During the study, you will attend scheduled visits where various assessments will be performed to monitor your eczema and skin condition.

Your skin will be evaluated using different measurement methods to assess how well the treatment is working.

These assessments will include checking both areas of your skin that are affected by eczema (called lesional skin) and areas that appear normal (called non-lesional skin).

Your skin barrier function will be measured using a technique called EIS (a method to assess how well your skin protects your body).
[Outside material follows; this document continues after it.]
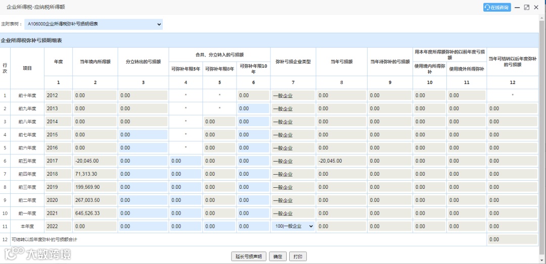 第五步:《企业所得税弥补亏损明细表》(A106000),该表简化了过去弥补亏损表的填报,将弥补亏损计算过程交由信息系统在后台处理,纳税人在申报时,相关数据自动生成(除3、4、5例外),不能修改,11行第1、2、6列根据本年申报情况自动带出,其中第6列“弥补亏损企业类型”根据基础信息表自行判断。

Some participants will have additional measurements taken, including evaporimetry (which measures water loss from your skin), Epsilon, and TiVi (other skin assessment techniques).

These measurements help evaluate how your skin barrier is functioning and whether it improves with treatment.

Skin samples will be collected using a method called tape stripping, where adhesive tape is gently applied to your skin and removed to collect surface skin cells.

These samples will be analyzed for NMF (natural moisturizing factor, which helps keep your skin hydrated) and skin lipids (natural fats in your skin).

If you are an adult participant, you may also have a small skin sample (biopsy) taken for more detailed analysis using a technique called ToF-SIMS.

If you are an adult participant, your vitamin D levels will be checked through a blood sample.

Vitamin D levels may also be assessed in your skin biopsy sample.

This information helps understand the relationship between vitamin D and your skin condition.

You will be asked to complete several questionnaires throughout the study to assess how your eczema affects your daily life.

These include POEM (Patient-Oriented Eczema Measure, which tracks your eczema symptoms), MADRS-S (a mood assessment), and RECAP (which evaluates how eczema impacts your life).

You will also rate your itch severity using a numerical rating scale (NRS).

Another questionnaire called DLQI (Dermatology Life Quality Index) will assess how your skin condition affects your quality of life.

Your doctor will regularly assess your eczema using standardized scoring systems.

The EASI score (Eczema Area and Severity Index) measures the extent and severity of your eczema across different body areas.

The IGA (Investigator’s Global Assessment) is another tool your doctor will use to evaluate the overall severity of your eczema.

At week 24, you will have your final study visit.

During this visit, all the assessments will be repeated to measure how much your eczema has improved since the beginning of the study.

The main measure of success will be whether you have achieved at least a 75% reduction in your EASI score compared to when you started the study.

This final visit marks the completion of your participation in the study.